Solved: Enabling SSO using an existing DUO Authentication Proxy

stevenspray1 · ‎01-06-2022

Hi!

As per subject really. We are already using a DUO Authentication Proxy instance on our of our domain controllers for Cisco VPN logins. We now want to enable SSO on Microsfot 365 and this also requires the use of a DUO Authentication Proxy instance. Do we need to install another DAP on the same server, or can we use the existing one?

Appreciate any help!

jamieis · ‎01-10-2022

Hi @fnanfne,

If you follow the steps under Connect Authentication Proxy to Duo Single Sign-On located at Duo Single Sign-On | Duo Security you can configure an existing Duo Authentication Proxy to Duo Single Sign-On.

It mostly consists of creating a new authproxy under the Active Directory Authentication Source you created in the Duo Admin Panel, copying some information into the authproxy.cfg file and then running a command that is provided.

View solution in original post

jamieis · ‎01-06-2022

Hey @fnanfne,

You can use the existing authentication proxy, you’ll just need to make sure it is up to date.

For Duo SSO we do recommend you run multiple authentication proxies in production so that if one does go down your users can still authenticate.

rdstoknes · ‎01-06-2022

Are you sure about this??

Duo Auth Proxy is an internal-only service for services like VPN authentication with Duo MFA, whereas Microsoft 365 requires a public-facing Duo Access Gateway (DAG) to be able to do MFA for logins.

At least we had to use one (already had a DAG in place since it is also used for user provisioning of Duo for VPN access etc) when we set up MFA Conditional Access Policies within M365. All Microsoft and Duo documentation also refers to this.

Brgds,
Rune

jamieis · ‎01-07-2022

Hi @RuneS,

Sorry, I had assumed based on the fact that you were trying to use the Duo Authentication Proxy I thought you were trying to protect Microsoft 365 using Duo Single Sign-On which is Duo’s newer cloud-hosted SAML IdP.

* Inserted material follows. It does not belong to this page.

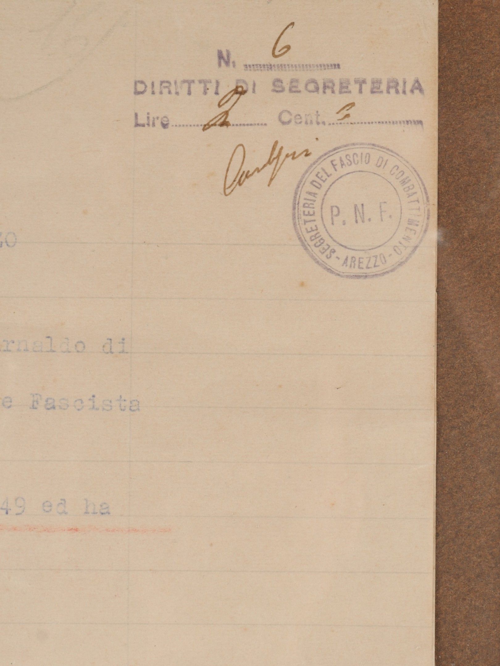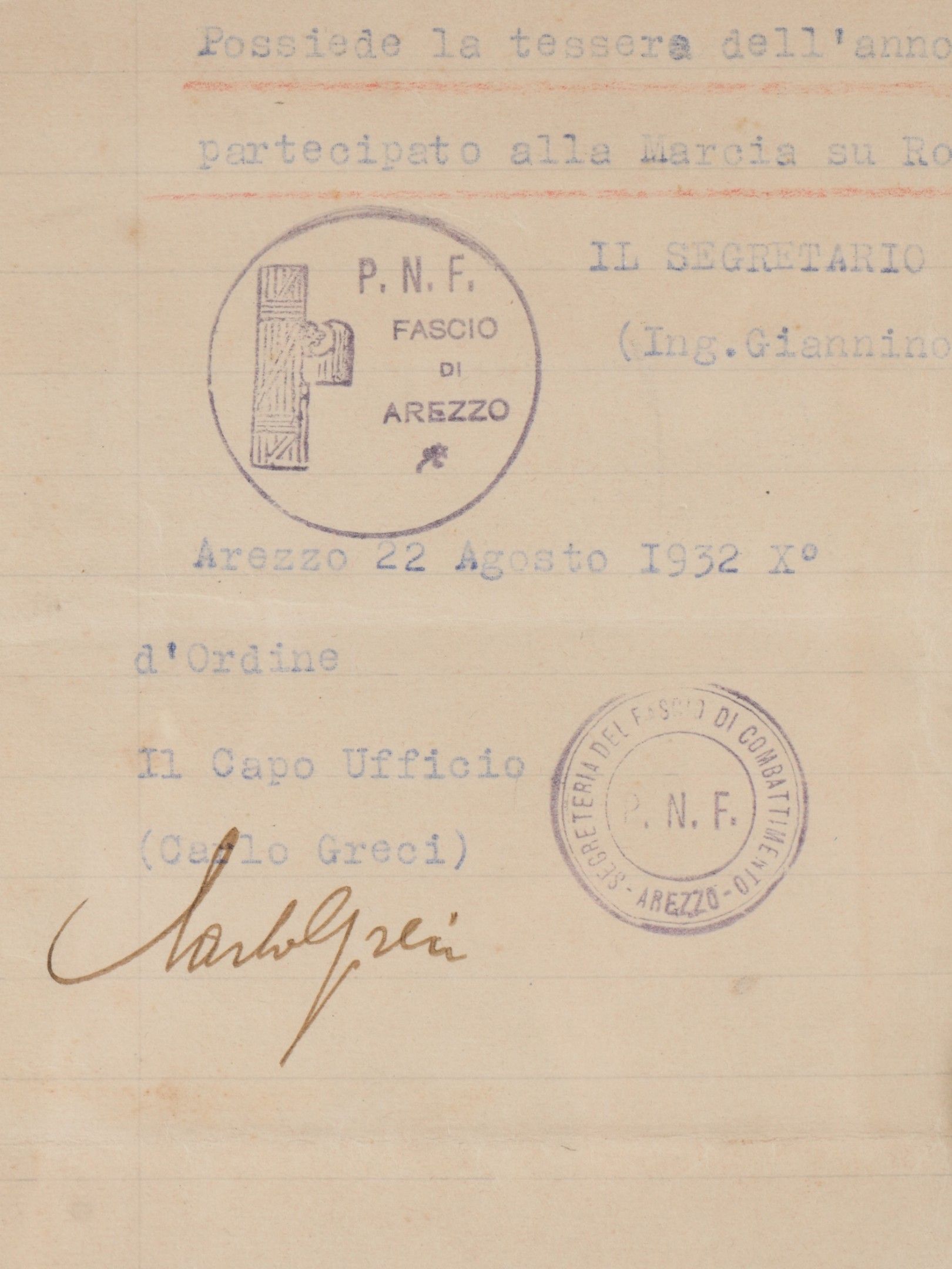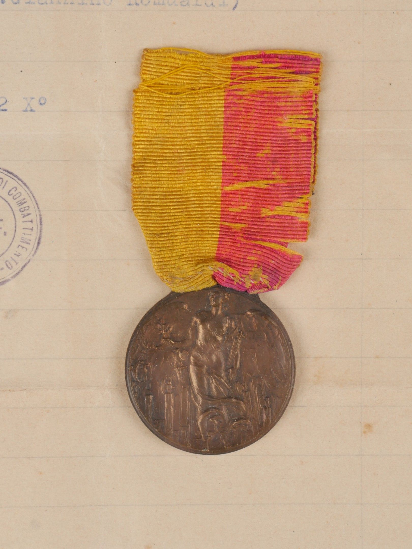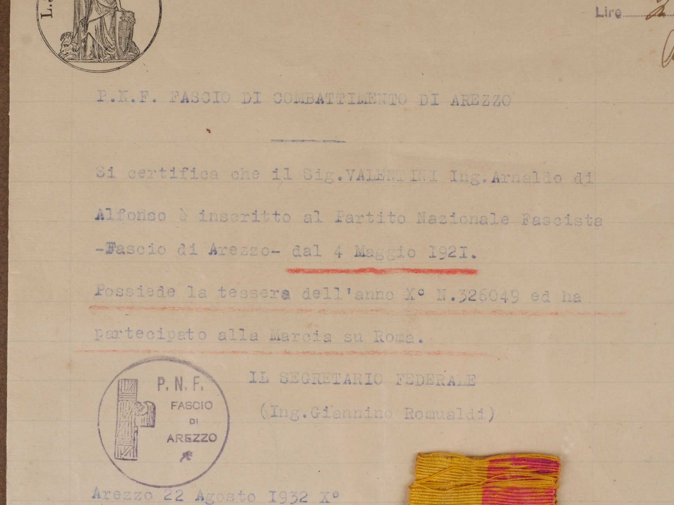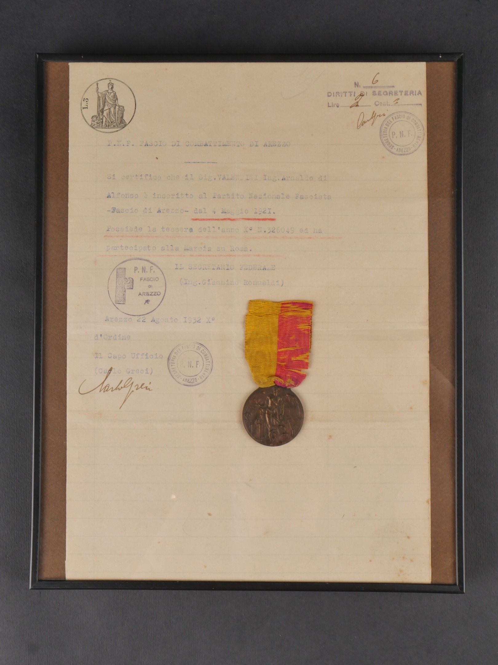 Medal of the March on Rome with certificate. On the obverse is a winged victory figure holding an oak wreath in the right hand and supporting a lictor fess in the left. Behind the figure are legionary badges, lictors' fasces and Roman daggers. On the reverse, in the centre, there is an empty square space where the recipient can have his or her name engraved. The square space is bordered by four lictor beams. The border is bordered by a double circle in which the legends Marcia Su Roma, at the top, and 27 October-1 November 1922 are engraved. The ribbon is divided vertically in two, with amaranth-red on the left and yellow on the right, the colours of the Municipality of Rome. Paper certificate from the PNF fascio di Arezzo, attributed to Arnaldo di Alfonso Valentini. In a modern frame. Some wear and patina. Condition II+. March on Rome medal with certificate. Obverse shows a winged Victory holding an oak wreath in her right hand and supporting a lictor's band in her left. Behind the figure are legionary insignia, fasces of lictors and Roman daggers. On the reverse, at the centre, a square blank space where the recipient could have engraved his name. The square is framed by four fasces of lictors. The border is edged with a double circle bearing the legends Marcia Su Roma above and 27 ottobre-1 novembre 1922 below. The ribbon is divided vertically, red amaranth on the left and yellow on the right, colors of the municipality of Rome. Paper certificate issued by PNF Fascio di Arezzo attributed to Arnaldo di Alfonso Valentini. In a modern frame. Some wear and patina on the piece. Condition II+

It sounds like you’re using the Duo Access Gateway, Duo’s on-premises SAML IdP which does not utilize the authentication proxy at all. You can see documentation for setting up Microsoft 365 for the Duo Access Gateway here.

I would recommend looking at using Duo SSO (cloud-hosted) because the newer service uses some different communication protocols to better integrate with Microsoft 365 and Windows services.

stevenspray1 · ‎01-07-2022

Hey all thanks a bunch for the replies!

I am a bit confused over the offerings now. I read a DAG is for self-hosted SSO. We do not want to host this ourselves and so would want to opt for “2FA with SSO hosted by Duo” for protecting our Office 365.

The documentation I read suggests we need to configure a DAP. We already have a DAP configured and in place for Cisco ASA SSL VPN, and so I was hoping we could use this existing DAP also for the Office 365.

Jamie noted thanks, I will submit a CC to add DAP to a second/third server.

stevenspray1 · ‎01-10-2022

So, how do I use an existing DAP? Under protect an application, I will choose “Microsoft 365 - 2FA with SSO hosted by DUO”.

I’m then asked for configuring a DAP. How can I select our existing one? I can’t seem to find that option.

jamieis · ‎01-10-2022

Hi @fnanfne,

If you follow the steps under Connect Authentication Proxy to Duo Single Sign-On located at Duo Single Sign-On | Duo Security you can configure an existing Duo Authentication Proxy to Duo Single Sign-On.

It mostly consists of creating a new authproxy under the Active Directory Authentication Source you created in the Duo Admin Panel, copying some information into the authproxy.cfg file and then running a command that is provided.

stevenspray1 · ‎01-12-2022

Hi @jamie,

That is the exact information and confirmation I was looking for!

Thank you so much for pointing me in the right direction, much appreciated.